With the jobs report for this past month coming up quick, experts have started to predict what the report will look like. It seems as though the job market has slowed down a bit lately and the growth we started to build is coming to a stand still. Specifically, applications for unemployment benefits increased, hiring slowed significantly and lay-offs hit an eight-month high.
It’s difficult to face the facts, but it seems as though our recession-recovery has come to a bit of a bump in the road. Although the Bureau of Labor and Statistics has not yet released their jobs report, other reports show a dismal outlook of this past month. ADP’s report (ADP is a payroll processing company) shows that businesses added just 133,000 jobs this May. That number is higher than April’s, which marked the addition of only 113,000 jobs, but it is still well below the predicted numbers.

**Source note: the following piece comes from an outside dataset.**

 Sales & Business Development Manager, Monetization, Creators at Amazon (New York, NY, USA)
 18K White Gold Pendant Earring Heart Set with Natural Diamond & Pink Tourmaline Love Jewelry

Many experts blame the unseasonal warm winter we experienced for the jobs gains we saw a few months ago. That may be true, but it does little to explain why the jobs gain has slowed and even stalled in recent months. Diane Swonk, chief economist at Mesirow Financial, was quoted saying, “The labor market has slowed in recent months, in a way that goes beyond simple payback for unusually mild winter weather. Moreover, the risk is high that the labor market will remain weak over the summer months as uncertainty over Europe and our own ‘fiscal cliff’ build.”

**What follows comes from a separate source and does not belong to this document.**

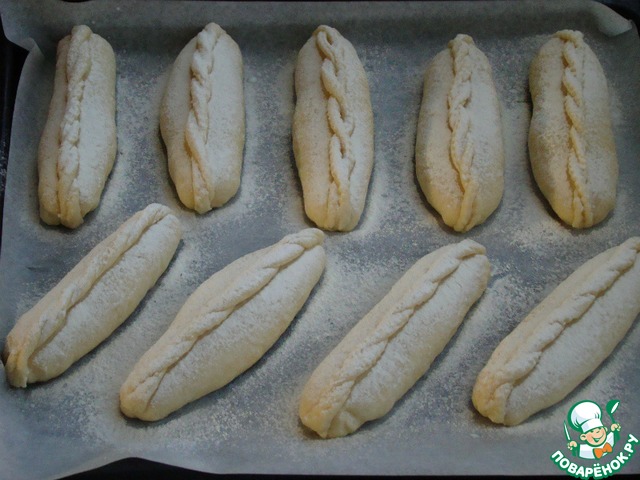 такое ощущение, что один шаг пропустили. Говорите, что сделали в виде батончиков, а следующее фото булочки уже с косичками. Так эти косички просто положили на батончике или той же водой прикрепили. Мне кажется, это надо указать.

That doesn’t sound too great for us, but what is the ‘fiscal cliff?’ If you haven’t yet heard of it, the fiscal cliff is a term used to refer to the end of the year when the Bush tax cuts, the extended unemployment benefits and the payroll tax cuts all expire. At the same time, the government is expect to cut more spending. According to the Congressional Budget Office, the expiration of these cuts could take hundreds of billions of dollars out of our economy and throw us back into a recession again.

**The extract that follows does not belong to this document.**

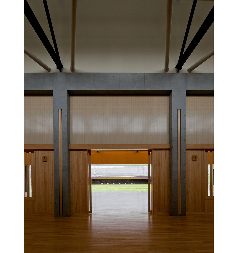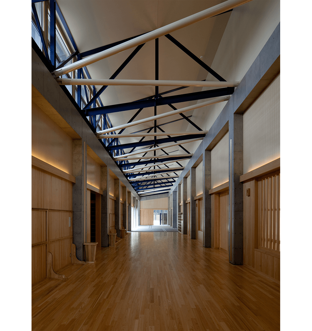 平成25年東京国体の弓道競技開催会場になる小金井公園内の弓道場。競技者だけでなく、公園利用者にも開かれ、優雅さ,力強さ,風格をあわせ持つ本格的な弓道場。和風イメージの瓦棒葺き大屋根とコンクリート化粧型枠や地元多摩産材の素材感を生かし伝統と現代最新技術を融合しました。

It’s likely that this uncertainty about our economy and our market is why employers are hesitant to employ new candidates with gusto. If you were an employer would you feel comfortable hiring more employees in the current economic climate? The answer is likely no. Perhaps that is why employers are even taking measures to ensure they don’t find themselves in a peculiar, bad situation when this possible recession does roll around. Reports show that employers cut 62,000 jobs in May. That is the highest number we have seen since September.
We’ll have to see what the BLS jobs report has to show for this past month, but if these other reports are anywhere near the truth, then it’s likely the report will be nothing more than weak.